Mixture of Scope Experts at Test: Generalizing Deeper Graph Neural Networks with Shallow Variants
Gangda Deng, Hongkuan Zhou, Rajgopal Kannan, Viktor Prasanna

TL;DR
This paper introduces Moscat, a method that combines shallow and deep GNNs at test time to improve performance on heterophilous graphs, addressing depth-related generalization issues.
Contribution
It presents a novel mixture of scope experts approach that enhances deep GNN generalization without sacrificing expressivity, supported by theoretical and empirical analysis.
Findings
Moscat significantly improves GNN accuracy across datasets.
It effectively balances shallow and deep GNN advantages.
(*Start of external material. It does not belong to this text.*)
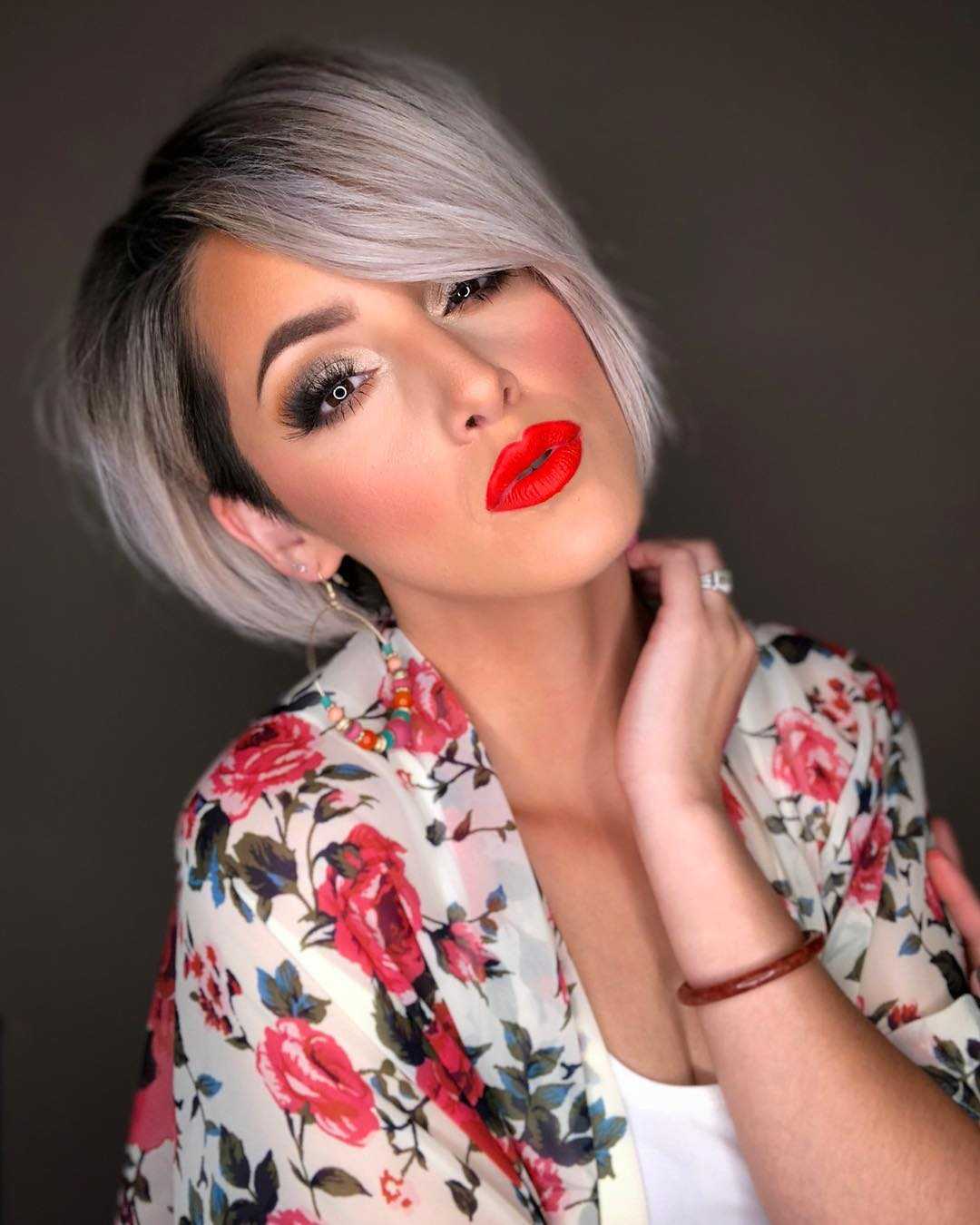 Короткие волосы, постриженные в стиле пикси, выглядят мило и трогательно. Пряди на затылочной и височных частях короче, чем на макушке. Это стиль удобен, потому что он легко поддаётся укладке и не требует усиленного ухода.

The method is compatible with various GNN architectures.
Abstract
Heterophilous graphs, where dissimilar nodes tend to connect, pose a challenge for graph neural networks (GNNs). Increasing the GNN depth can expand the scope (i.e., receptive field), potentially finding homophily from the higher-order neighborhoods. However, GNNs suffer from performance degradation as depth increases. Despite having better expressivity, state-of-the-art deeper GNNs achieve only marginal improvements compared to their shallow variants. Through theoretical and empirical analysis, we systematically demonstrate a shift in GNN generalization preferences across nodes with different homophily levels as depth increases. This creates a disparity in generalization patterns between GNN models with varying depth. Based on these findings, we propose to improve deeper GNN generalization while maintaining high expressivity by Mixture of scope experts at test (Moscat). Experimental…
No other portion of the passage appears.